A priori, on est tenté de croire que ceux qui
déplacent les pions sur un échiquier sont plus intelligents, en tout cas plus
actifs, que ceux qui ne font que jeter les dés sur une table de tric-trac.
Jouer aux échecs, cela demande réflexion,
concentration, prévision, anticipation, tandis qu’au tric-trac, on jette les
dés, on constate le résultat et on l’applique avec les jetons sur la tawlé.
Bien sûr, les infatigables accrocs du lancé du Al Zahr
(hasard), vont vociférer et expliquer que les dés ne font pas tout. Il faut
aussi du savoir faire, une connaissance de la tawla (table) de jeu, sans doute
de la souplesse dans le poignet, mais surtout une bonne dose d’anticipation sur
le hasard même.
De leur côté, les accoutumés au jeu du chatranje et
son impitoyable échec et mat (el Cheikh Mat, le cheikh est mort), vont toujours
se sentir supérieurs parce qu’ils ne se contentent pas de jeter les dés au
petit bonheur la chance. Ils jouent, eux, avec leur matière grise.

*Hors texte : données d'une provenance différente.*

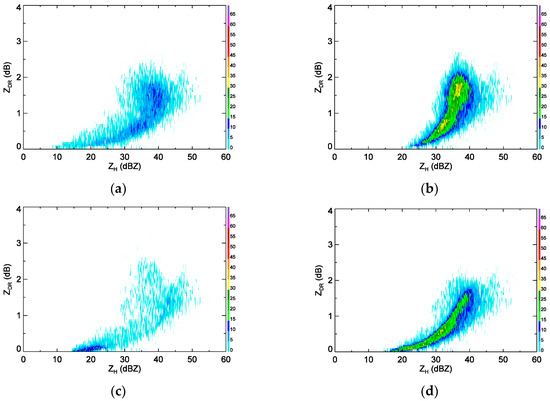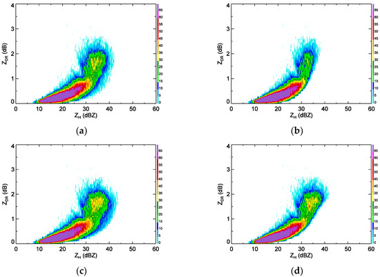 The cumulative occurrence plot of ZH and ZDR for classified as stratiform rainfall, as calculated from rainfall rate temporal variability (a) BR03, (b) logN0-R relation, (c) logNw-D0 relation, and (d) Λ-R relation. The bin size of ZH and ZDR is 1 dBZ and 0.1 dB.
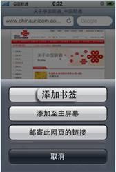 ⑹網(wǎng)頁管理界面主要包括“添加書簽”、“添加制主屏幕”和“郵寄此網(wǎng)頁的鏈接”三個選擇。選擇“添加書簽”按鈕,可將該網(wǎng)頁的網(wǎng)址加到書簽列表中;選擇“添加制主屏幕”按鈕,可形成屏幕快捷鍵;選擇“郵寄此網(wǎng)頁的鏈接”可將該網(wǎng)頁的網(wǎng)址發(fā)送給別人。
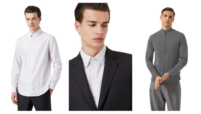 今回追加されたのは、カーディガンのような着心地に加え、エンポリオ アルマーニらしいモダンでリラックスしたシルエットのカジュアルなモデルと、スリムフィットですっきりとした着丈に、ナローラペルが特徴のコンテンポラリーなモデルのスーツ2型とシャツ。シャツは、レギュラー、ワイドカラーに加え、ジップアップ仕様の3つのスタイルからお選びいただけます。スーツには新作生地が追加され、パーソナルオーダーの選択肢がさらに広がります。
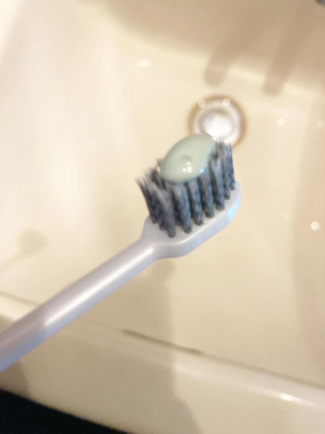 ペーストは適度な粘り気があり、歯にしっかり密着して磨きやすいです。泡立ちが強すぎないため、周りに飛び散ることなく一本一本丁寧にブラッシングできました🪥
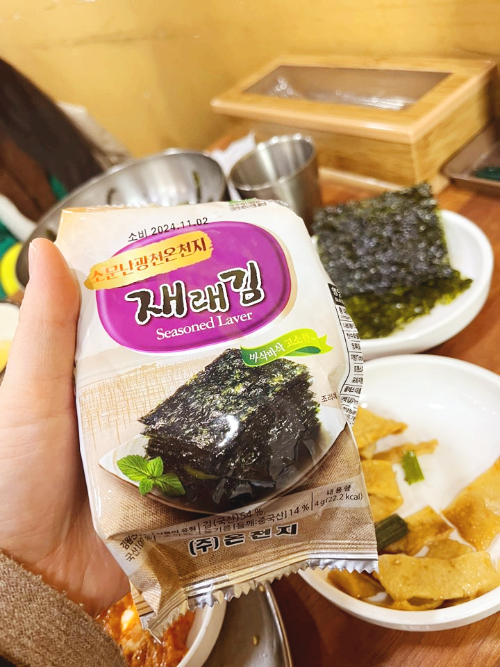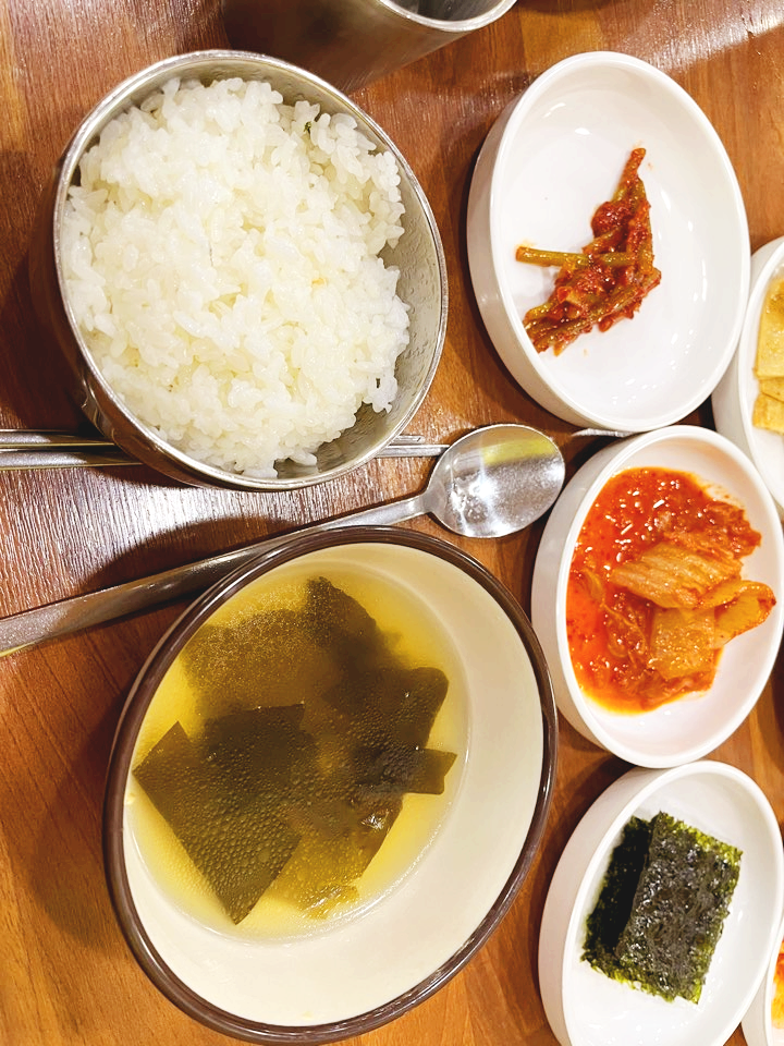 기본 제공 미역국도 맛이 좋아서 리필했어요. 김은 저렇게 한 봉지만 리필 가능해요. 반찬으로 한 공기, 불고기로 한 공기, 기본 두 공기는 먹어야 하는 맛집이네요. 소주, 막걸리가 너무 마시고 싶었지만 12시도 안된 시간이라 참았습니다. 다음에는 꼭 술 한잔 곁들이고 싶어요!
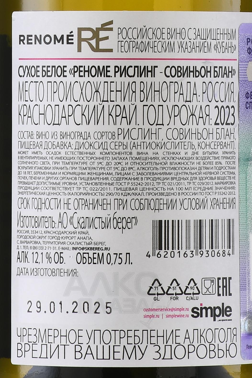 Белое сухое вино Реноме Рислинг Совиньон Блан 0,75 л — современное сочетание классики и свежего стиля. Виноград для производства собирают в южных регионах, где перепад дневных и ночных температур помогает сохранить ароматичность и яркую кислотность. Почвы — известняково-глинистые, с включениями песчаника, что придает ягодам насыщенность и минеральный акцент. Урожайность контролируется, ягоды собираются вручную, чтобы сохранить целостность гроздей. После сбора сусло проходит холодное брожение при температуре около 14–16 °C, что помогает сохранить чистый фруктовый букет.
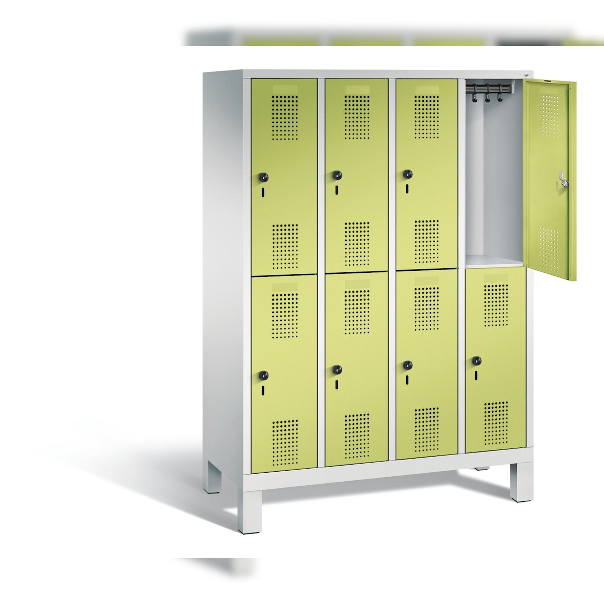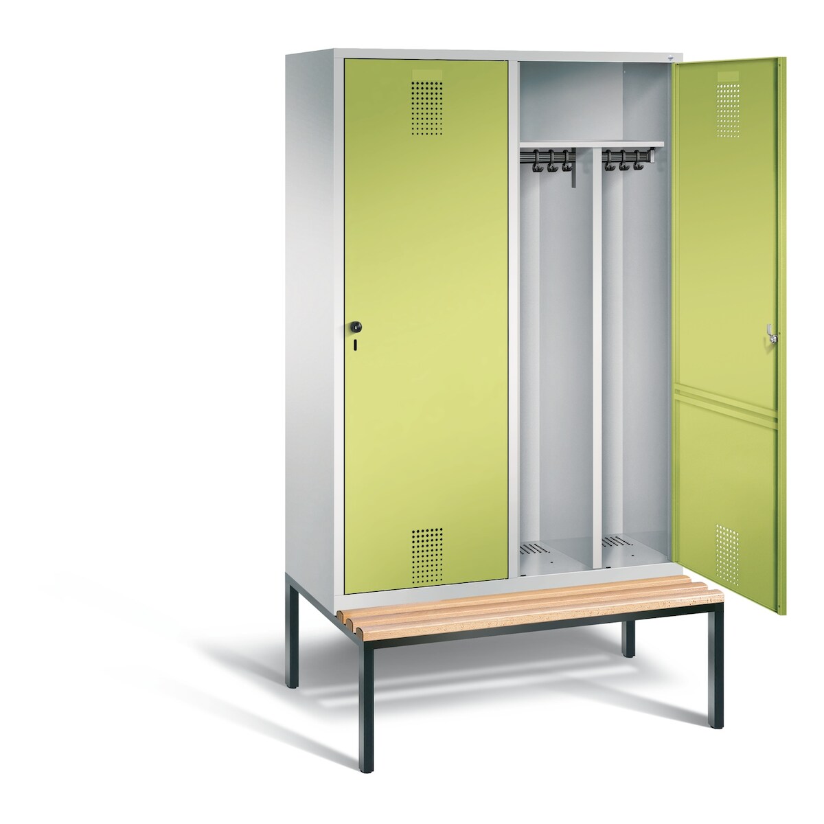 C+P Doppel-Spind Classic PLUS Kunststoff untergebaute Bank 4 Abteile Trennwand HxBxT 212x120x82cm Sicherheitsdrehriegel HellgrauClowngrün von PROREGAL
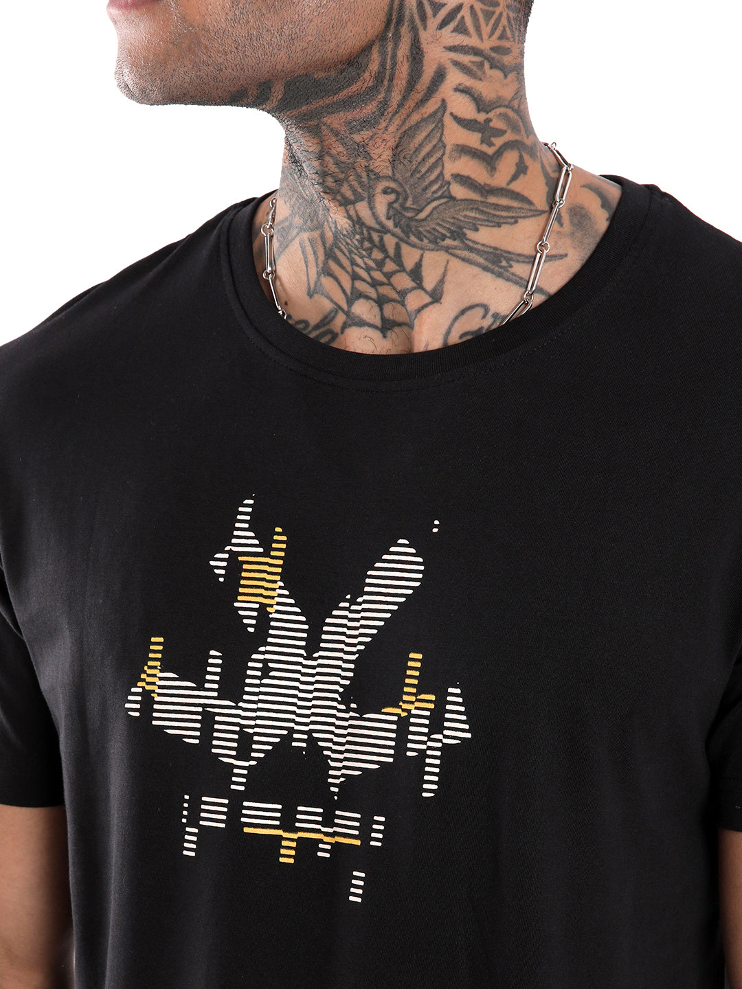 Black t-shirt with a glitched logo print, providing a modern and edgy design. Ideal for adding a statement piece to your casual collection.
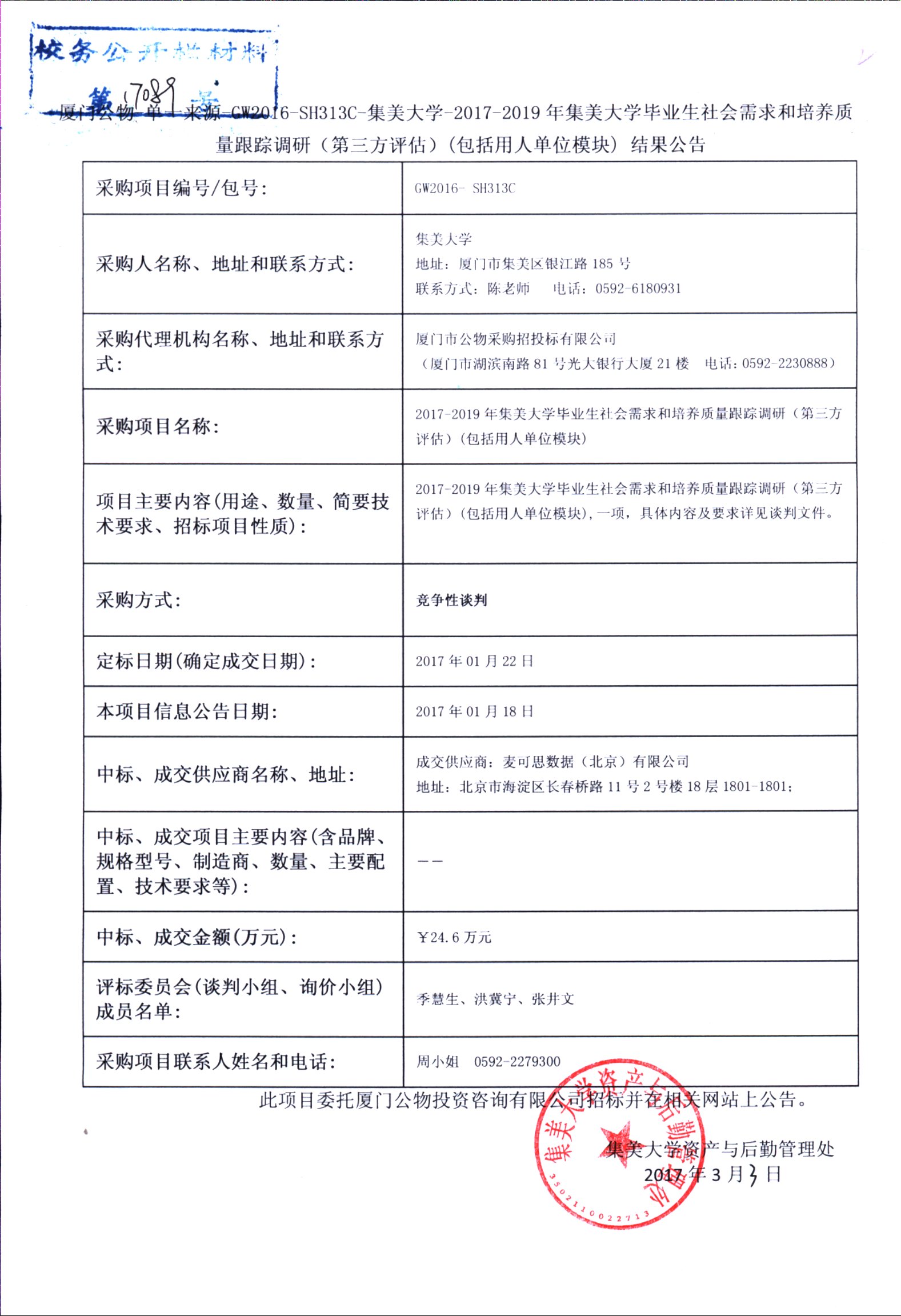 厦门公物-单一来源-GW2016-SH313C-集美大学-2017-2019年集美大学毕业生社会需求和培养质量跟踪调研(第三方评估)(包括用人单位模块)结果公示
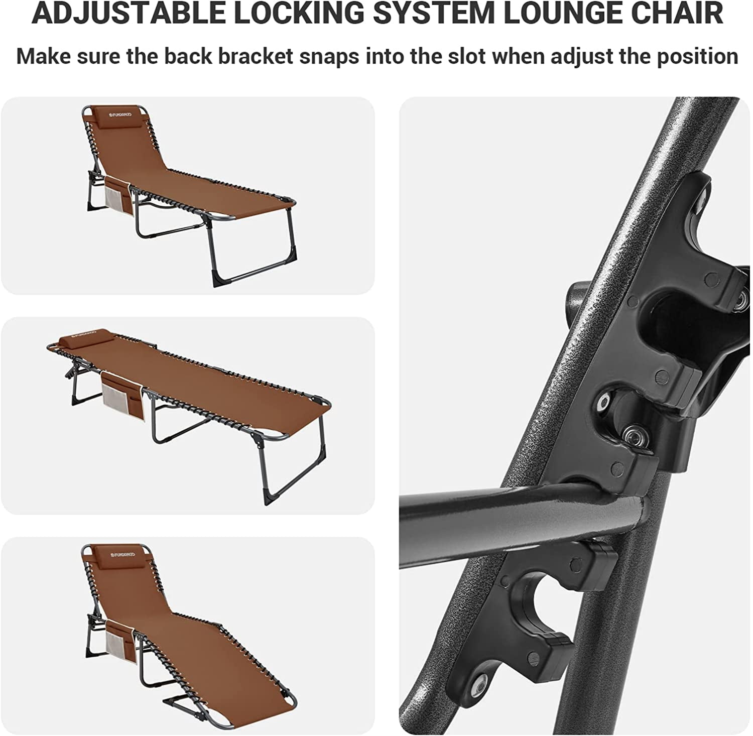 FUNDANGO Outdoor Folding Chaise Lounge Camping Chair, Adjustable Reclining Design with Pillow, High Weight Capacity (265lbs), Perfect for Beach & Pool, Khaki

Ils réfléchissent, pensent, calculent de nombreux
coups d’avance, élaborent plusieurs tactiques et envisagent les parades qui
peuvent leur être opposées.
Bref, vous l’aurez compris, une opposition entre mûre
réflexion et pulsion hasardeuse. Il y a sans doute une part de vrai dans tout
ça, mais une part de faux aussi. Parce que dans les deux jeux, il y a une
dimension psychique, voire métapsychique, qui n’apparaît pas dans ce qui
précède.
La part de désinvolture, qu’on met à secouer et lancer
les dés ou à déplacer les pions, est pour une grande part déterminante pour
l’issue de la partie. Une règle fondamentale depuis que le jeu est jeu.